Monday, 9 September 2013
Port Stephens 7th to 9th September
The sail from Lake Macquarie to Port Stephens on Saturday was the best sail we have had for a long time. The wind was generally in the west at 10-15kn for most of the day and as the swell and seas were less than 1m we flew along at an average of 6 knots. Stockton Bight behaved and warnings from various people about how lumpy this patch of sea was did not eventuate, this time at least. We rounded Tomaree Head at 1.30pm and motored along the southern coast of Port Stephens. There are two main commercial operations here, tourism and oyster farming. As we motored along the white sandy beaches multi storey hotels and apartments dominated the waterfront. Shoal Bay, the first opportunity for anchoring, was rejected as there were many people, especially children, on the beach and there appeared to be no place to secure Lily when we went ashore. (Children cannot help themselves and play in the dinghy - sand everywhere, and potential loss of oars!)
The next bay, Nelson Bay, is the main tourist centre along with a very expensive marina. We later found out that this marina costs $90 per night. Alan Lucas, 'Cruising the NSW Coast', informed us that there were courtesy moorings to the east side of the marina. There wasn't any. They must have been removed for some reason. We motored on. This southern shore generally has water that is too deep to anchor in close to the beach so we kept going until we finally found an area just east of the Anchorage Resort Marina that had suitable depth and was reasonably protected close to the marina wall. There are several moored boats here and we spent a pleasant night there.
On Sunday we motored around Salamander Bay, where we did find a courtesy mooring in the south east corner, and on to Soldiers Point and into the western part of Port Stephens waterway. Tanilba Bay looked good so we anchored there in 3m of water a long way out from the shore. This bay is quite shallow so we set the anchor outside the moored boats. After lunch we took Lily ashore and walked several kms to Lemon Tree Passage. There is a small marina here, but we decided it didn't look like a good choice for an overnight stay. The water is muddy and shallow and the marina piles made of steel. We had a coffee then walked around the shore back to Tanilba Bay.
Interesting!! As we rounded the last stony point we realised the tide had gone out a seriously long way. By now the feet and legs were protesting, but when we looked at where we left Lily we thought a walk to the local shopping centre was a good option, while we waited for the tide to come in a little.

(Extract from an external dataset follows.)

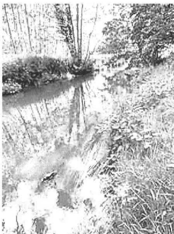
River Rother 2022

Working with the Environment Agency, estate owners and supported by the Ouse and Adur Rivers Trust team, this year we further developed plans for by-pass of a major barrier to fish on the River Rother. In order to provide further evidence for the final design, plans have been developed for a trial of sluice removal in early summer 2023. This was delayed due to high water levels, and subsequently we have extended the project to March 2024. When completed this will increase passage for all species of fish along 12km of the river.

Finally we gave up and staggered, hauling the dinghy over the sandy mud, weed and black snail shells to the waters edge. A lesson well learned!! Check the tide tables!!
This morning, Monday, we motored to the northern side of the waterway and had a quick look at the Northern Arm, which is an interesting bay - but not for a stay. Just around the corner is Fame Cove, a beautiful little secure anchorage with 6 courtesy moorings available to the public. We chose one and then took Lily up the creek as far as we could go, a couple of kms. Once the mangroves closed in we turned around and decided to row most of the way back to listen to the birdsong and creek noises. Lovely!

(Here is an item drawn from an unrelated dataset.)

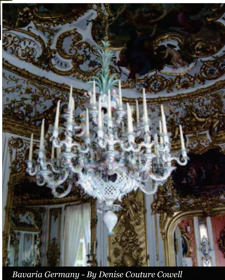
Bavaria Germany

I have incorporated colors, furnishings, accents, and new ideas for creating a feeling and sense of place.
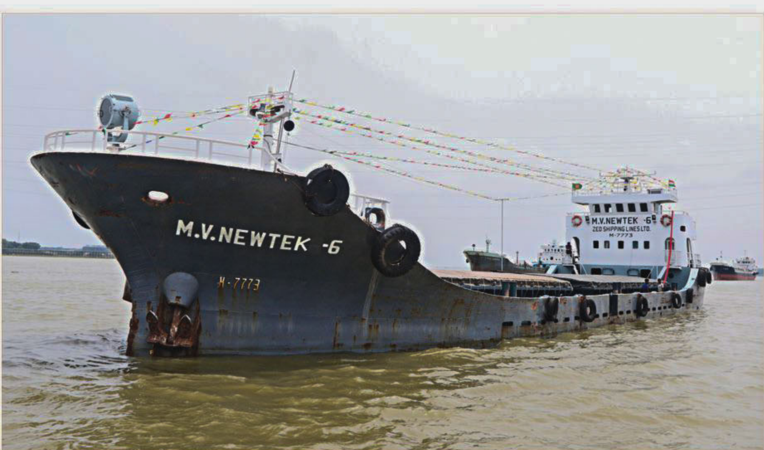
A Bangladeshi vessel carrying Indian goods and with the Bangladesh and Indian flags flying reaches Ashuganj of Brahmanbaria. The photo was taken on the Meghna yesterday.

Tomorrow we will motor over to Soldiers Point Marina where we have booked two nights stay. It is also expensive at $75 per night, but we need ice, a shower, water, laundry etc. There are a few extras thrown is here, a complimentary bottle of wine, a courtesy car or drop off and pick up along with one or two other things I have forgotten. We plan to have them drop us off at Nelson Bay Jetty on Wednesday to take a ferry to Tea Gardens for the day. Tea Gardens and Hawks Nest townships are up the Myall River and it is too shallow to get Rene up there. It sounds like a great day out!
The next bay, Nelson Bay, is the main tourist centre along with a very expensive marina. We later found out that this marina costs $90 per night. Alan Lucas, 'Cruising the NSW Coast', informed us that there were courtesy moorings to the east side of the marina. There wasn't any. They must have been removed for some reason. We motored on. This southern shore generally has water that is too deep to anchor in close to the beach so we kept going until we finally found an area just east of the Anchorage Resort Marina that had suitable depth and was reasonably protected close to the marina wall. There are several moored boats here and we spent a pleasant night there.
On Sunday we motored around Salamander Bay, where we did find a courtesy mooring in the south east corner, and on to Soldiers Point and into the western part of Port Stephens waterway. Tanilba Bay looked good so we anchored there in 3m of water a long way out from the shore. This bay is quite shallow so we set the anchor outside the moored boats. After lunch we took Lily ashore and walked several kms to Lemon Tree Passage. There is a small marina here, but we decided it didn't look like a good choice for an overnight stay. The water is muddy and shallow and the marina piles made of steel. We had a coffee then walked around the shore back to Tanilba Bay.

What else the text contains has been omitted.